## EXERCISE
Using only the entries below, output the lines starting at the one containing "細部までこだわって作られて、" and ending at the one containing "对完成保洁消毒的食堂全面检查、督查整改", exactly and inclusive of both, omitting the pictures.

## Stored data

- - -

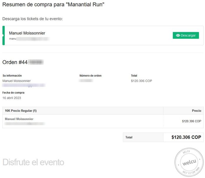 Auquel je me suis inscrit en ligne (plutôt pratique même si quasiment 2,5€ de frais sont ajoutés) et dont j’ai reçu le billet… Coût total, 25€.
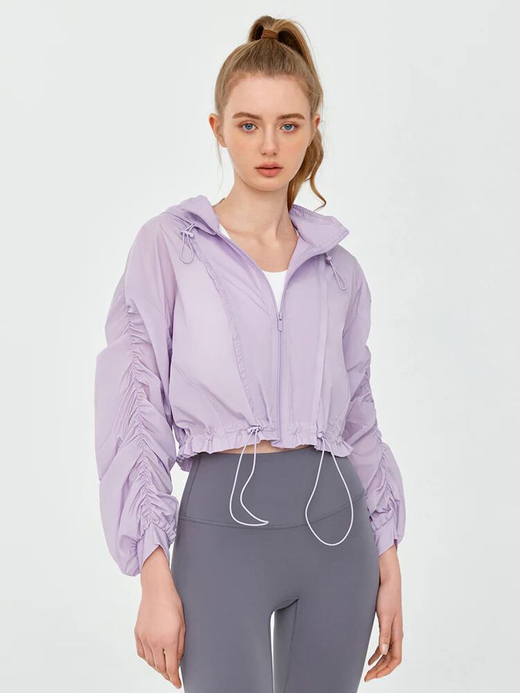 細部までこだわって作られて、袖のギャザーで抜け感をプラス、スポーティーさだけではなくフェミニンな印象も併せ持ちます。
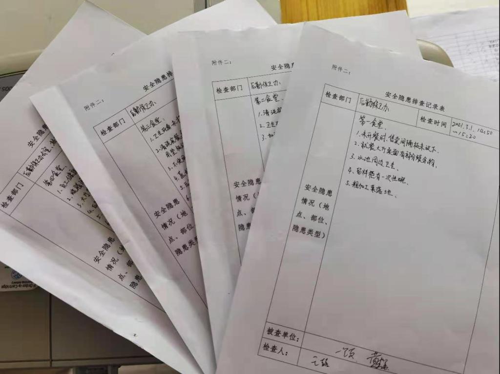 对完成保洁消毒的食堂全面检查、督查整改
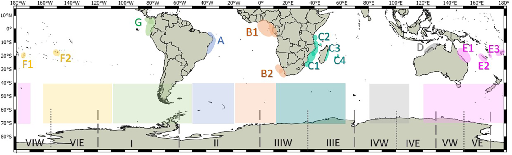 Distribution of the core breeding and primary feeding grounds of the Southern Hemisphere humpback whale Breeding Stocks A – G, and Southern Ocean Management Areas I – VI and sub-areas (Donovan, 1991; IWC, 1998; IWC, 2006). Colors are used to indicate the breeding and feeding grounds used by each breeding stock and sub-stock. Dashed lines indicate the limit of the main Management Areas, whereas dotted lines are marking the limits of sub-areas (W = west and E = east). Areas and sub-areas limits are: I = 120°W–60°W; II = 60°W–0°; III = 0–70°E (IIIW = 0–35°E and IIIE = 35°E–70°E); IV = 70°E–130°E (IVW = 70°E–100°E and IVE = 100°E–130°E); V = 130°E–170°E (VW = 130°E–150°E and VE = 150°E–170°E); and VI = 170°E–120°W (VIW = 170°W–155°W and VIE = 155°W–120°W).
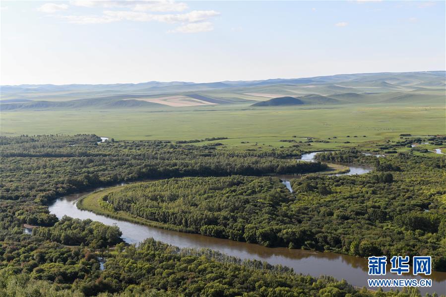 8月29日無人機拍攝的內蒙古呼倫貝爾市額爾古納濕地景區(qū)。新華社記者劉磊攝
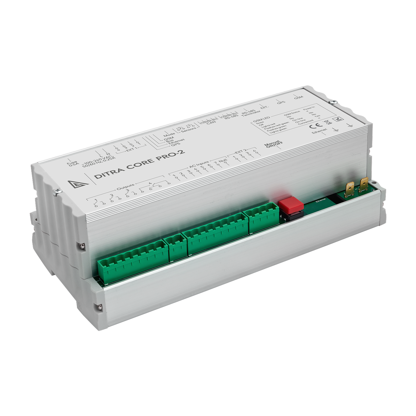 The Node provides dimming via DALI/DALI-2, PWM, 1–10 V and supports individual load switching. Data is transmitted directly to the server over the cellular network, with configuration and monitoring performed through DITRA software.
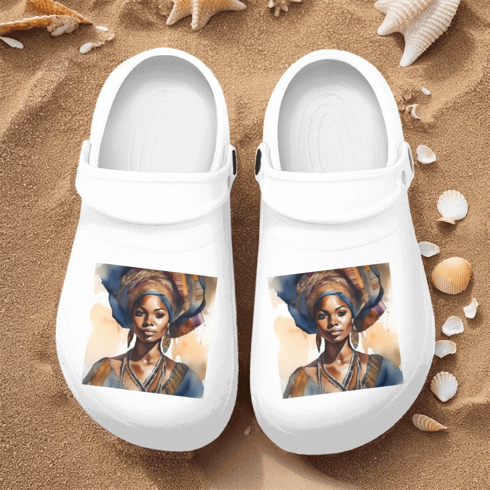 You are shopping for a stunning and trendy product African Woman Portrait E Nurse Clogs For Men WHITE belong theme Nurse Clogs at Printblur
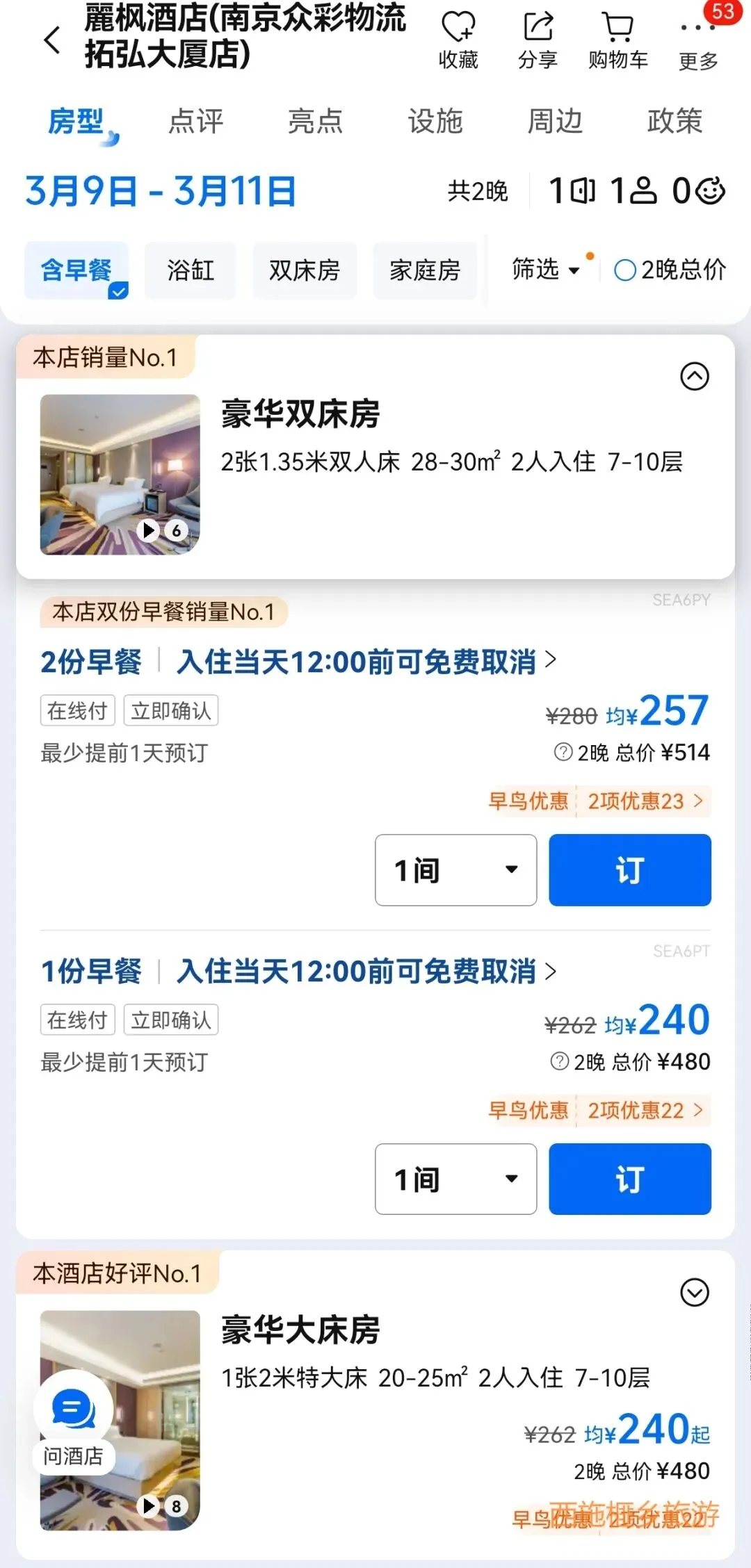 2、住宿:全程入住南京准四酒店丽枫酒店或同级,标间或夫妻房,单人房差100元/人/晚。含洗漱用品。

- - -

## TASK RESPONSE
 細部までこだわって作られて、袖のギャザーで抜け感をプラス、スポーティーさだけではなくフェミニンな印象も併せ持ちます。
 对完成保洁消毒的食堂全面检查、督查整改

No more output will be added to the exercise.